= Kantragada =

Village in India

Kantragada is a village in Palasa mandal, Srikakulam district in the state of Andhra Pradesh, India. It is located 1.5 km from the state Orissa. The village was established on Varahalagadda Stream in the mid-19th century during the British colonial period when people migrated from nearby village Goppili. Kantragada was part of the Tharlakota kingdom under Kalingas.

== Geography ==

The geographical co-ordinates are 18°82'57.84 North and 84°36' 49.25 East with an altitude of 40 m. The Eastern Ghats pass through the village. The foothills of Eastern Ghats like Ghojarai and Bhurujol are very near by. The village is well connected to towns including Palasa (10 km) towards East and Mandasa (14 km) towards North, Garabandha (11 km) towards West and Paralakhemundi (34 km) towards Southwest.

== Transport ==

National Highway 16, a part of Golden Quadrilateral highway network, is 9 km from the village. The nearest railway station is Palasa railway station having a distance of 12 km. The nearest airport is Alluri Sitarama Raju International Airport at a distance of 200 km and Biju Patnaik International Airport is 240 km away.

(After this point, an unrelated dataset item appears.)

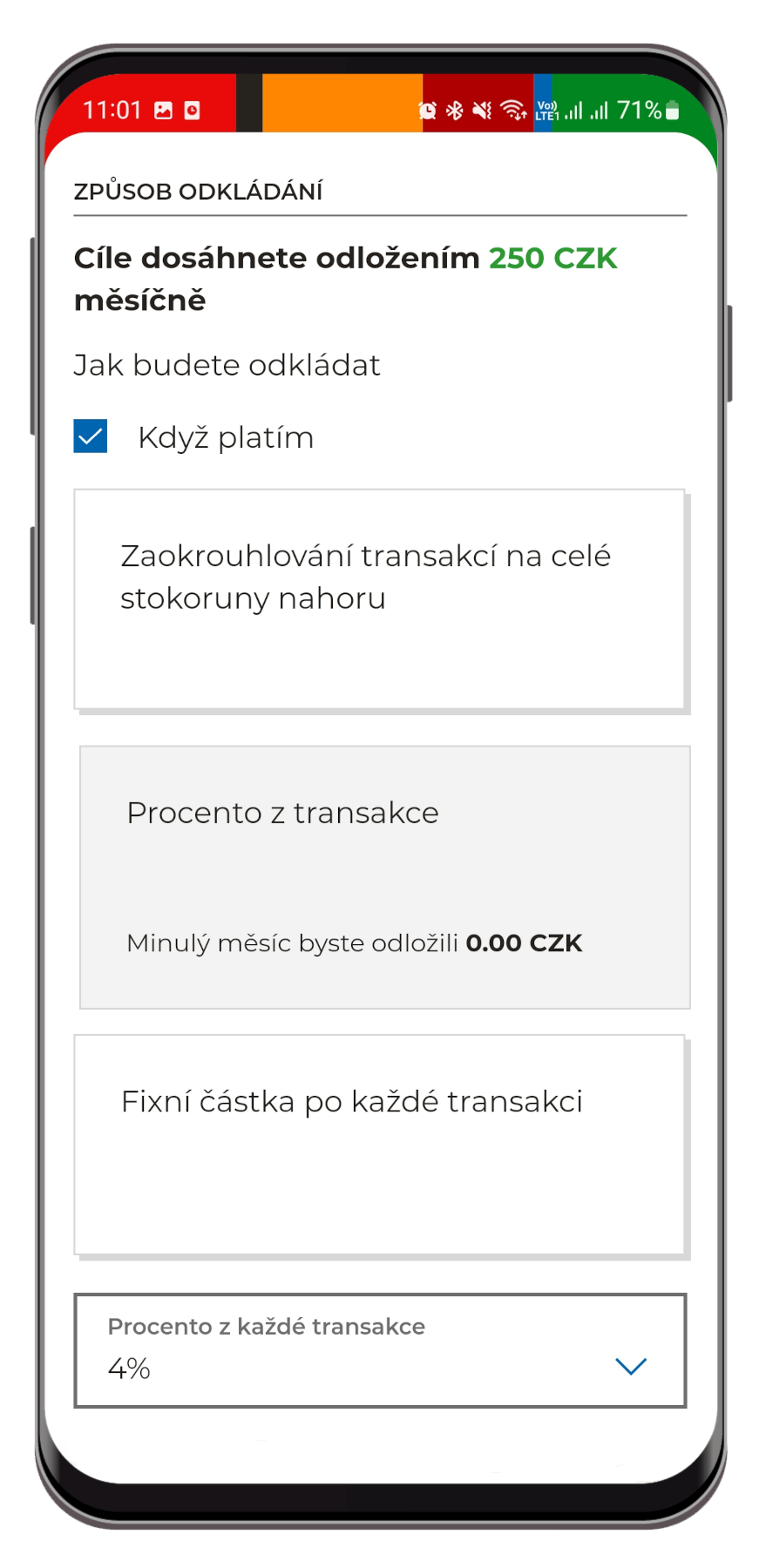 - procento z platby (podle přednastaveného procenta převedeme odpovídající částku z vašeho mKonta na spořicí účet),

== Administration and politics ==

Kantragada is a part of Rentikota Panchayat and Palasa mandal. Kantragada official language is Telugu. The village comes under Palasa (Assembly constituency) in Andhra Pradesh Legislative Assembly. Kantragada pincode is 532221 and STD code 08945.

== Places of interest ==

The popular Gandahati waterfall is located in Gajapati District of Odisha is just 17 km away. The historical Mahendragiri hills were located around 33 km from the village. Nearest beach is Akkupalli is located at a distance of 23 km.